Deceptive Simplicity
Let's face it, when you first read "The Sick Rose," your immediate reaction was probably something like, "this poem is really simple: it's about a rose that gets sick and a weird worm." There's nothing wrong with feeling a little frustration at the fact that such a simple poem has achieved practically canonical status. But like many of Blake's short lyrics from the Songs of Innocence and Experience, appearances can be deceiving. First of all, many of the words in the poem are ambiguous. For example, what does "bed of crimson joy" refer to? The flower-bed, the rose's petals? What exactly makes love "dark" and secret"? And why is the rose sick anyway?

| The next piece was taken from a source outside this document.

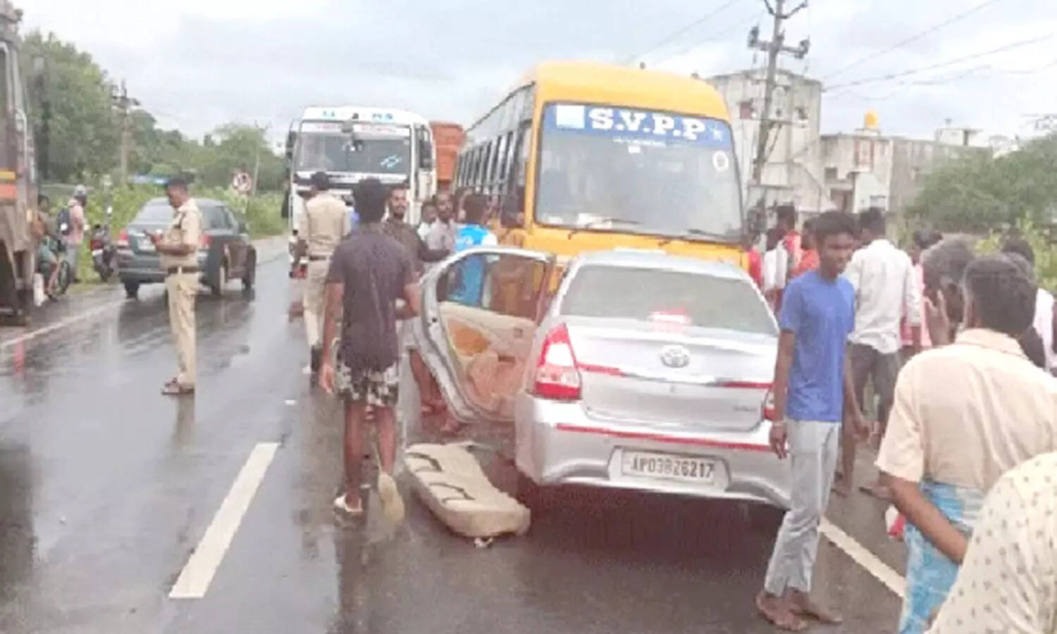 நிகழ்ச்சி முடிந்து மாலை காரில் மீண்டும் ஊருக்கு புறப்பட்டு வந்து கொண்டு இருந்தனர். கார் சென்னை - திருப்பதி தேசிய நெடுஞ்சாலையில் நாராயணவனம் அடுத்த சமுதாயம் என்ற இடத்தில் வந்தது. அப்போது எதிர்பாராத விதமாக எதிரே வந்த தனியார் என்ஜினீயரிங் கல்லூரி பேருந்தும், காரும் நேருக்கு நேர் மோதிக்கொண்டன.

These ambiguities and questions are an important part of the poem's fabric, and they get to the heart of the issues that it wants to explore. For example, "The Sick Rose" is very much concerned with the potentially destructive consequences of "dark secret love." Sure it's also about a worm and a rose, but those figures serve largely as the occasion for Blake's more sophisticated musings about our ideas of love and sexuality. Indeed, if the rose is a symbol of love or passion, and it is sick, then perhaps the poem is quietly telling us that our ideas about love and passion are "sick," diseased, infected. Such a complex suggestion is born out in the poem: although it seems warm and rosy (did we just say that?), upon closer examination we realize that the worm discovers the rose's "bed," a place we naturally associate with sex, and then destroys it with its "dark secret love."